A third ‘coin king’, Airedeconut, is known from another Lancashire hoard found in Silverdale, and he is a Z-lister compared to these two. He may have ruled different parts of Northumbria at the same time as Knutr and Sigfrodr, the trio positioned as quarrelsome vultures squabbling over the remains of the former kingdom.
An example coin of Knutr of York (895-905); image courtesy of © Fritz Rudolf Künker GmbH & Co. KG, Osnabrück and Lübke & Wiedemann KG, Leonberg
- Traces Of Viking Ivar the Boneless’ Dynasty At Waterford, Ireland
- Dead Viking Dynasty Invade Scottish Neolithic Tombs
Sitriuc Silkbeard: Ireland’s Ally or Enemy?
Moving forward about a hundred years, our attention turns to Dublin, and its important role as a contested entrepot of the Irish Sea. From Dublin, slaves and fine goods were processed and exported to as far away as Iceland and Constantinople, and such activities made the city rich. Since its foundation in the 9th century, Dublin had been juggled between Scandinavian and Irish overlords, and by the end of the 10th, was a golden prize between competing kings Mael Sechnaill and Brian Boru. Sandwiched between these two Irish overkings, however, was the local ruler Sitriuc Silkbeard.
Sitriuc is a prominent antagonist in the pseudo-historical War of the Irish against the Foreigners, in which he is positioned as Brian Boru’s bane, a whelp who keeps getting back up after being put down. After conquering Dublin sometime in the 980s, Sitriuc frequently fought against or worked with competitors of both Scandinavian and Irish stock, allegedly including the famous Norwegian king Olaf Tryggvasson. If you were to time-travel back to tenth-century Dublin and fast-forward through a couple of decades, you might see a different ruler in the city each year; such was the fractious nature of the place. Nevertheless, Sitriuc is immortalized in various apocryphal foundational tales as a major player, but he is remembered for reasons perhaps antithetical to his actual presence. Hundreds of coins minted during and after his reign, and the general persistent status of Dublin as a wealthy town point to his effective rulership, and despite being put under the boot of various other over-kings (like Brian Boru, who conquered Dublin in 1000), Sitriuc remained ever-present. No doubt he was disliked as much as he was needed. Sources depict him on various occasions being expelled from the city, then returning to apologize and prostrate himself in servitude; this was a canny, if perhaps shameless politician working his hardest to keep a white-knuckle grip on power and wealth. A fragmentary thirteenth-century poem in praise of Sitriuc remarks how bustling and thriving Dublin became under his watchful eye, and this urban activity is not merely limited to the page: excavations across the city have more than demonstrated the city’s wealth and long-distance links.
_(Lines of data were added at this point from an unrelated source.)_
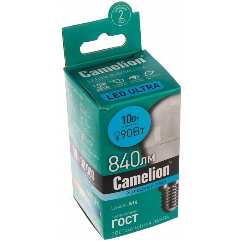 Лампа светодиодная LED E14 G45 10W 4K Camelion Шар 845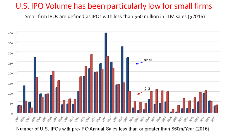 2. The JOBS Act did nothing to turn this problem around, and indeed IPO volume in 2015 and 2016 was lower than in many years before the JOBS Act. Although there has been an uptick this year in the case of high-tech offerings, other offerings (and particularly smaller ones) remain in a deep freeze.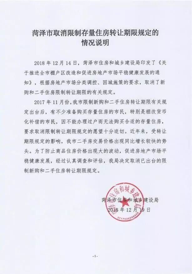 12月19日下午,菏泽市住房和城乡建设局盖章发文,确定取消新购房和二手房转让限制。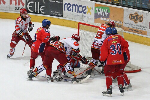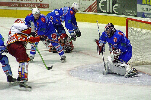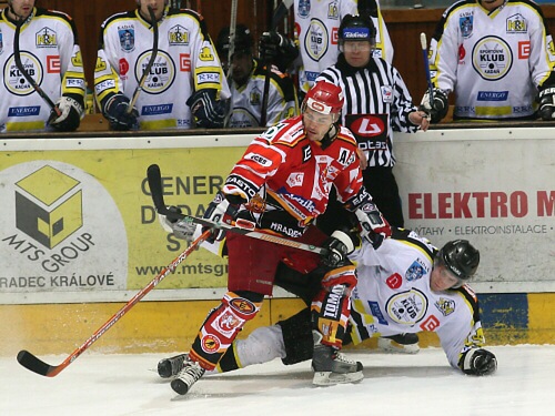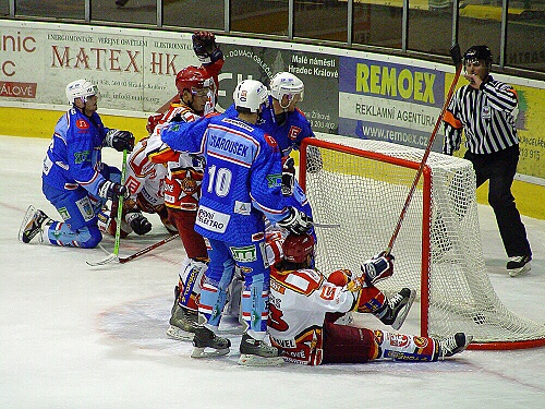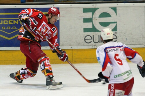 Pavel Suchý jemně tečuje střelu Milana Karlíčka - 4:2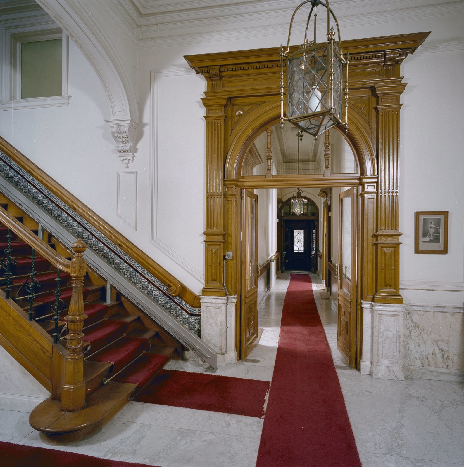 Interieur, zicht op trapopgang en achtergang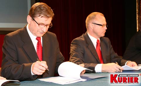 podpisują (od lewej) burmistrza Iławy Włodzimierz Ptasznik oraz marszałek województwa Jacek Protas

Whether he was a foe or friend to Dublin and Ireland, Sitriuc often ended up playing both sides so that he always came out on top; when Brian was alive, he was his dutiful servant, and technically also a son-in-law; then Sitriuc betrayed him in favor of Mael Sechnaill; when he died, Sitriuc knew he could find an ally in Cnut the Great, and so and so on this process continued until he abdicated the throne of Dublin and went to die as a monk.
A reconstruction of Viking Age Dublin in the year 1000, when Sitriuc Silkbeard sat somewhere between independent and underling of Brian Boru, his nominal overlord. Image courtesy of © The National Museum of Ireland.